Data Science & AI

The Data Science & AI research unit focuses on optimizing data collection processes in clinical care settings, constructing expansive research databases like the IJB Breast Cancer research database, and implementing multicentric data collection frameworks. These efforts enable the aggregation of big data and facilitate federated learning techniques, preserving patient privacy. Additionally, the unit develops AI-driven applications, including auto-segmentation tools and quantitative image analysis pipelines, and focuses on quality assurance initiatives for reproducible radiomics image analysis. As a third pillar, we are dedicated to the development of prognostic tools that aid oncology experts in making informed clinical decisions. To achieve this, we focus on multi-modal data, including anatomical and molecular imaging, digital pathology, clinical data and genomics, bringing together the expertise from various departments and research laboratories within our hospital in large multidisciplinary research projects. The global ambition of the Data Science & AI research unit is to improve patient care and outcomes, through the implementation of a learning healthcare system and the application of artificial intelligence and big data analysis.

A selection of our projects:

• Imaging Score in chemorefractory metastatic colorectal cancer

Managing metastatic colorectal cancer (mCRC) that doesn’t respond to chemotherapy represents a delicate balance between treatment effectiveness and toxicity. To support treatment decision making, current prognostic tools like the Colon Life nomogram often concentrate on general patient health or one diagnostic method, lacking comprehensive assessment. This study proposes the Imaging Score, utilizing clinical and imaging data from PET/CT scans, to predict the probability of survival within twelve weeks of starting last-line treatment for mCRC.
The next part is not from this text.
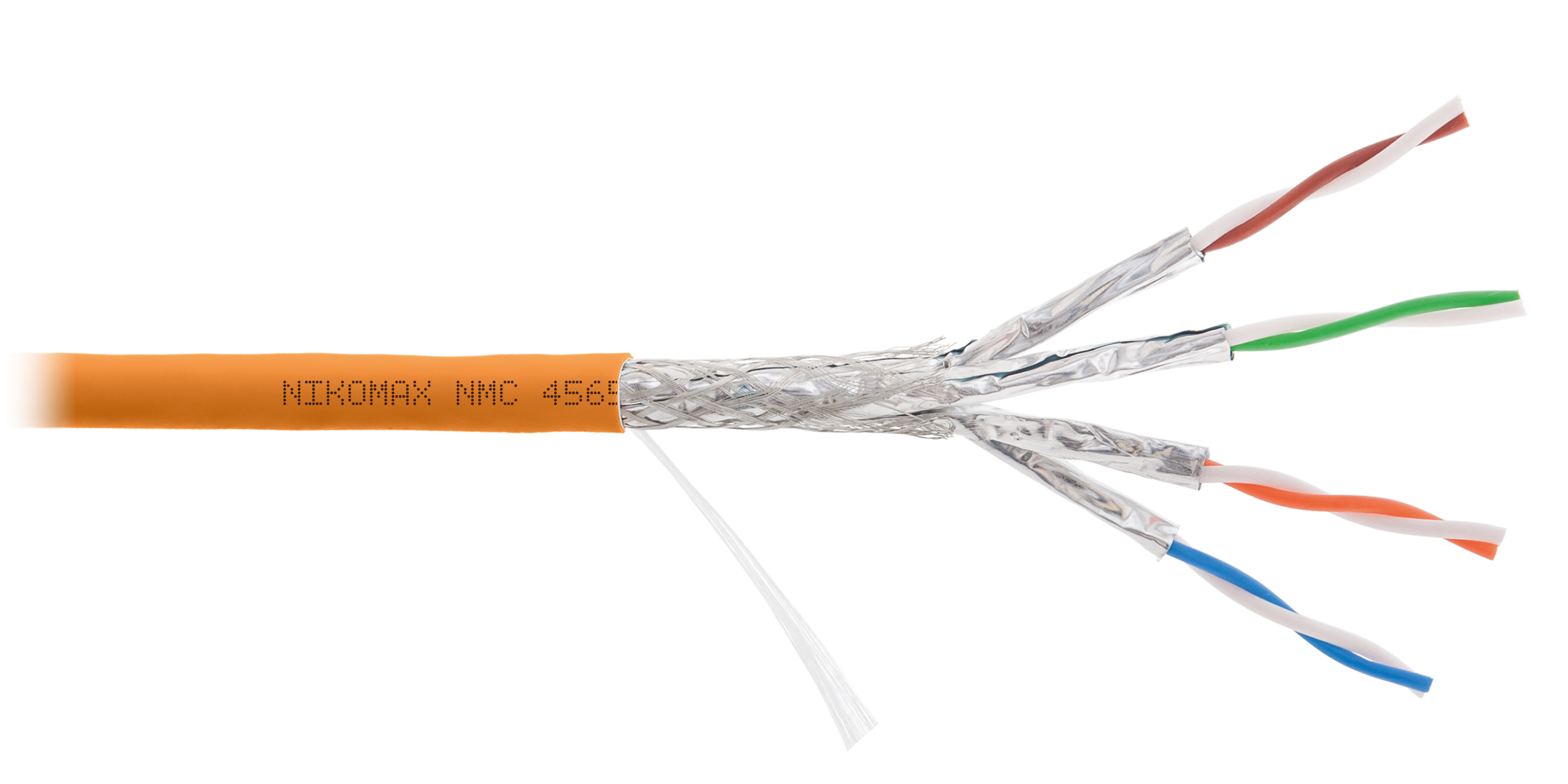 Кабель NIKOMAX S/FTP 4 пары, Кат.7 (Класс F), тест по ISO/IEC, 600МГц, одножильный, BC (чистая медь), 23AWG (0,56мм), полимерный материал нг(А)-HF, внутренний, оранжевый, 500м - гарантия: 5 лет /15 лет системная

• AI for radiotherapy target optimisation in early-stage breast cancer

Breast cancer often spreads through the lymphatic system, leading to metastases in regional lymph nodes, which are commonly included in post-operative elective radiotherapy (eRT) to target potential microscopic tumors. However, the extent of irradiated tissue correlates with radiation-induced side effects, necessitating a careful balance between treatment efficacy and minimizing harm. This project aims to personalize the Clinical Target Volume (CTV) for eRT in early breast cancer (eBC), optimizing the selection and geometric definitions of lymph node levels (LNLs) to potentially de-escalate radiation treatment safely for certain patients.
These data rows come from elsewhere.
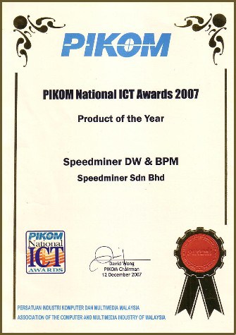 Speedminer Sdn. Bhd. is proud to announce that our product, Speedminer DW & BPM has emerged WINNER in the Best of Applications and Infrastructure Tools, category of the MSC Asia Pacific ICT Awards 2006.
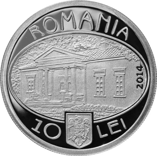 Elena Văcărescu's childhood mansion, year "2014", Romania's coat of arms, face value "10 LEI", and the arched inscription "ROMANIA".
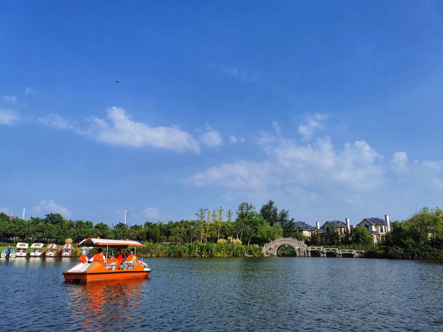 我们来到海上花田的时候,正是炎热的夏季,景区里没有看到万亩花海,但已经在种植培育即将到来的万亩花海了。虽然没有看到鲜花,但踩着脚踏船泛舟湖上也是极好的,虽然太阳很晒,但小船遮阴效果还不错,湖面上的微风很温柔,如果带点水果饮料上来就更美了。
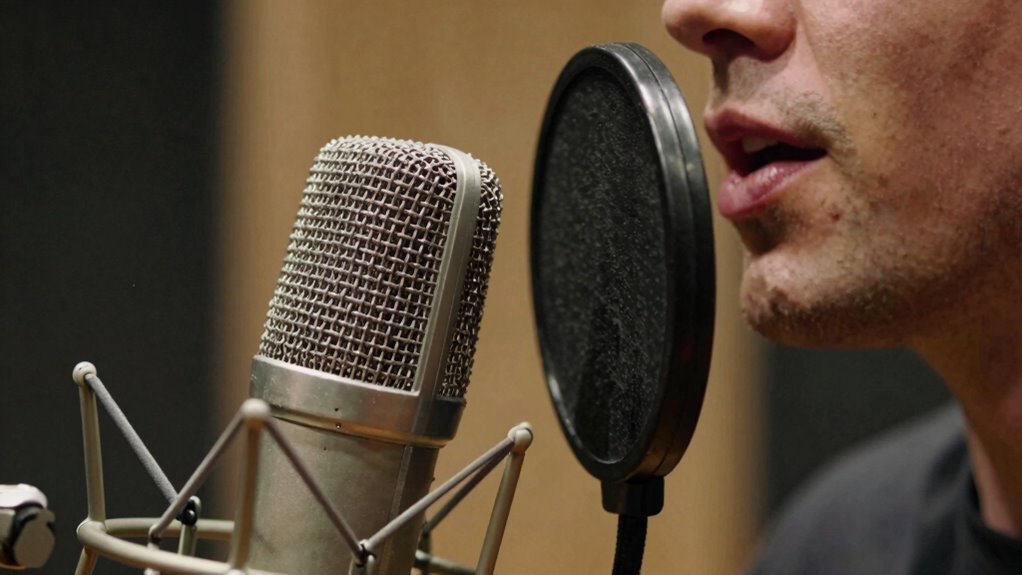 Think of a singer who adjusts their singing distance during a vocal warm-up, intentionally staying farther from the mic to avoid proximity effect. Your vocal technique can influence this by controlling your singing distance; staying a consistent, moderate distance helps prevent thin-sounding vocals. Proper vocal warm-ups teach you to maintain ideal distance, ensuring your tone stays full and balanced without the unwanted bass boost or thinness caused by proximity.

• ARTEMIS: Artificial Intelligence for tailoring in early mammary cancer – individual systemic therapy

The ARTEMIS research project aims to enable safe de-escalation of systemic neo-/adjuvant breast cancer treatment across the three major subtypes by integrating artificial intelligence (AI) and multimodal data. Primary objectives include establishing the ‘IJB Breast Cancer Research Database,’ a comprehensive repository of real-world patient data at IJB, facilitating breakthroughs in breast cancer research. Additionally, the project seeks to develop a clinical decision support system using AI methods on digital pathology and imaging data to provide personalized treatment recommendations, while also exploring novel biomarkers for early breast cancer through AI-driven discovery frameworks.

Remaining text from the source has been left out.